Event Location: NSH 3305

Abstract: Semantic understanding of the environment is critical for many robotic tasks such as path planning, mapping, and object tracking. While important progress has been made, extracting a rich representation of the environment remains a challenging problem. This process includes not only recognizing individual objects but also understanding the contextual relations among the objects, leading to a full understanding of the environment.

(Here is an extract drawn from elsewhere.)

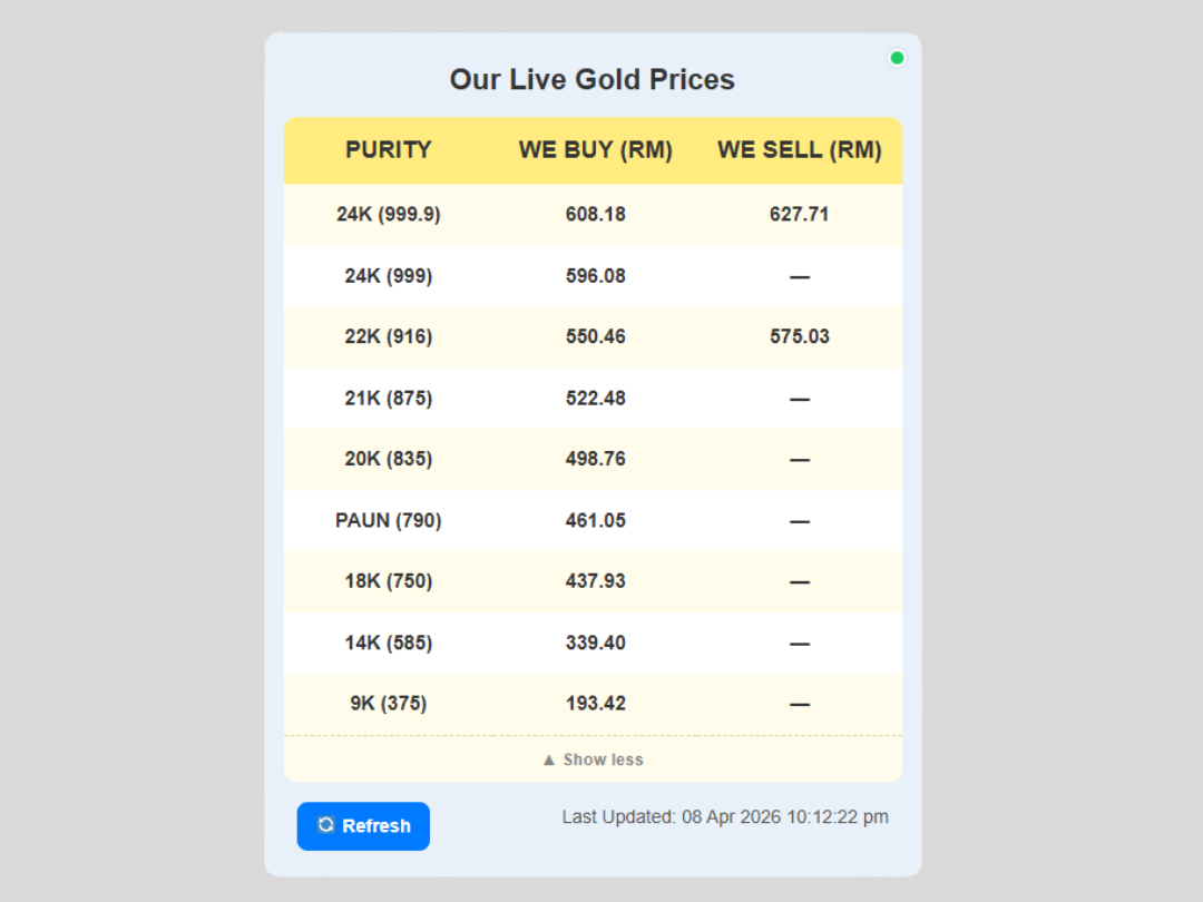 Our buy and sell gold prices are among the most competitive in Malaysia. We pay based on actual gold weight multiplied by the current market rate, with no hidden deductions or fees.
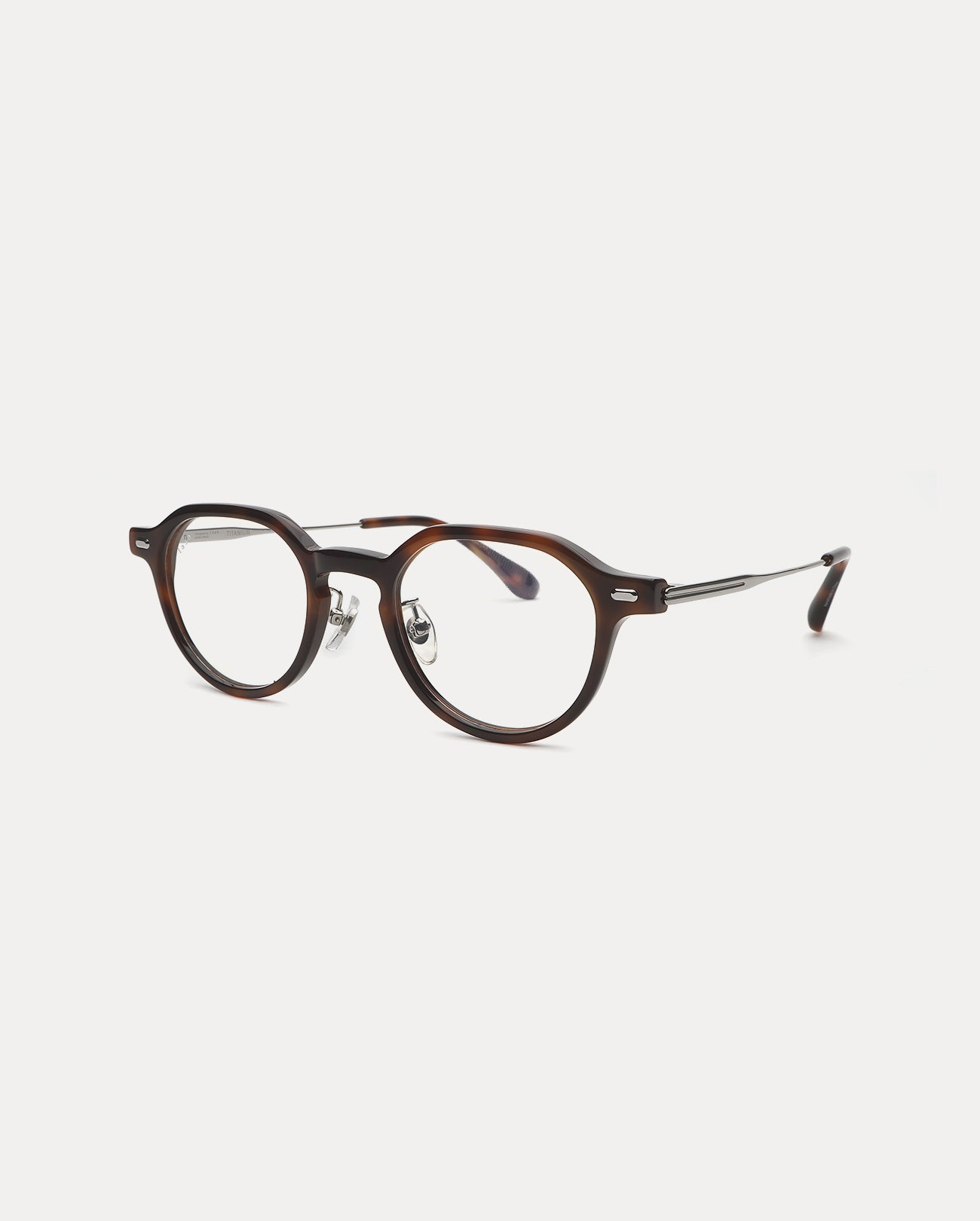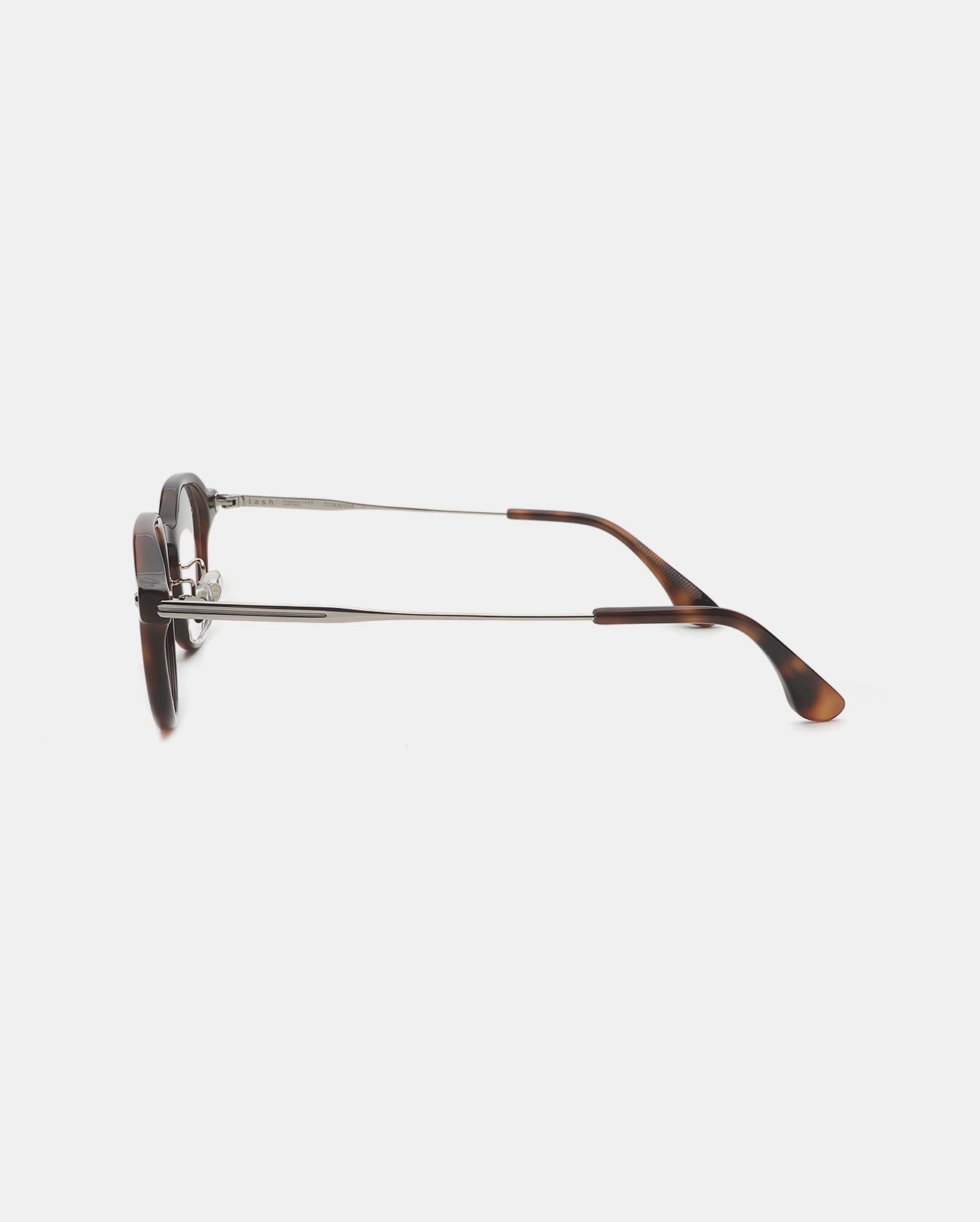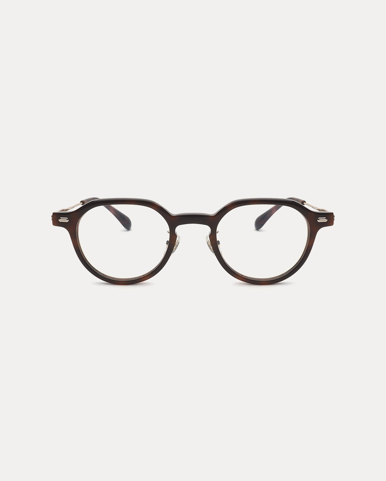 This is a combination frame featuring a crown pantos shape. The front is acetate, while the temples are titanium with integrated tips.

The prevalent method to encode such relationships is with a joint probabilistic or energy-based model which enables one to naturally write down these interactions. Unfortunately performing inference over these expressive models leads to an NP-hard optimization problem which must be approximated and, consequently, poses theoretical and empirical difficulties when learning the model. Furthermore, using approximate inference on any learned model often leads to suboptimal predictions due to the approximations. As we ultimately care about predicting the correct labeling of an environment, and not necessarily learning a joint model of the data, we instead view the approximate inference process as a modular procedure that is directly trained in order to produce correct labelings.


This thesis proposes a framework for training inference procedures that parse scenes in an iterative manner and is applicable to many domains. The inference procedure is composed of simple modules and is structured in a way that integrates contextual cues and feature descriptors computed at multiple resolutions in the scene. Our experiments demonstrate that our approach leads to state-of-the-art performance on many datasets in different domains while being computationally more efficient than other inference techniques in both theory and practice. Building upon our framework, we exploit the modular nature of the inference procedure and propose extensions that utilize: 1) combined sensory information (images and 3-D point clouds), 2) temporal information, and 3) unlabeled data.

Committee:J. Andrew Bagnell, Co-chair

Martial Hebert, Co-chair

Takeo Kanade

Yann LeCun, New York University